There’s a reason why addiction recovery groups emphasize the importance of building a support system – it’s a crucial component of gaining and maintaining freedom from their addiction. Developing and maintaining close connections to others who understand can make all the difference in maintaining sobriety. Having people who truly care about you and your wellbeing – and are walking the same path – can be a huge advantage when one is attempting to create a new lifestyle.
Many of us have been brought up with the cultural notion of “not depending on anyone,” or “pulling yourself up by your own bootstraps.” The fact is that no one gets through this life alone. Who hasn’t benefitted at some time from the listening ear of a friend at just the right time? A teacher or mentor? That parent or parent figure that accepts you no matter what? A colleague who put in a good word for you? Relationships like this are part of the fabric of life.
Something I heard years ago has always stuck with me: “Asking for help when you need it isn’t a sign of weakness; it’s what makes you stronger.” And it works both ways – helping others by being available to them during challenging times strengthens our own sense of character and self-confidence.
You may already have a strong network of family and friends or not. Here are some ways to strengthen what you already have and grow your base.
- Make time for the people that are important to you. We all have busy lives and it can sometimes seem difficult to get together, but the old adage – “To have a friend, be a friend” – still stands. It’s easier than ever these days to keep in touch by phone, text or email – even a short note or call lets someone know you are thinking about them. One of my dearest friends has not lived on the same continent, let alone city or state, for over 20 years and we still email, message and call via Skype every month or two. As a result, we’ve maintained a strong bond that continues to today.
- Remember special occasions – birthdays, holidays and the like. If someone’s going through a tough time, send a thoughtful card or call them to see how they’re doing. We let people know they are important to us by our actions.
- I grew up as an only child without the benefit of a family network close by. Something I learned to do early on was reach out to others who I wanted to make part of my life. As a result, many years later, many of those relationships have become family to me.
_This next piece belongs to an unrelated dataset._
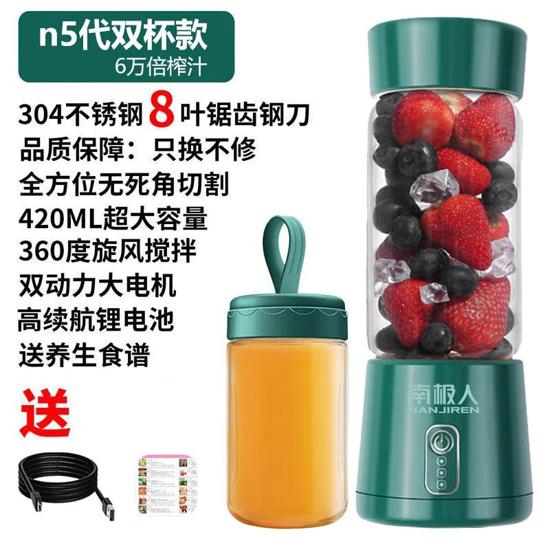 DEATKN蔬果榨汁机家用小型充电便携式炸果子学生榨汁神器炸果汁机 苍岭绿-24小时发货 n5双杯款【八叶刀双杯双盖-双动力】

We’ve shared holidays, special occasions, births and deaths, graduations – you name it – and I truly do consider them family.
- Be trustworthy. Trust and loyalty are basic to friendship. Be dependable, keep confidences, and keep your word.
- On the other hand, you want to bring people into your sphere that add to your life, not detract from it. You may want to examine your relationships with people who are chronically negative or complaining. Everyone has a bad day – or week – here and there but you might want to limit your time with a friend or relative who is consistently difficult to be around.
- Finally, make an effort to show appreciation and gratitude to those who are there for you. When someone goes out of their way for you, it’s important to say thank you, to let them know both they and their efforts are valued.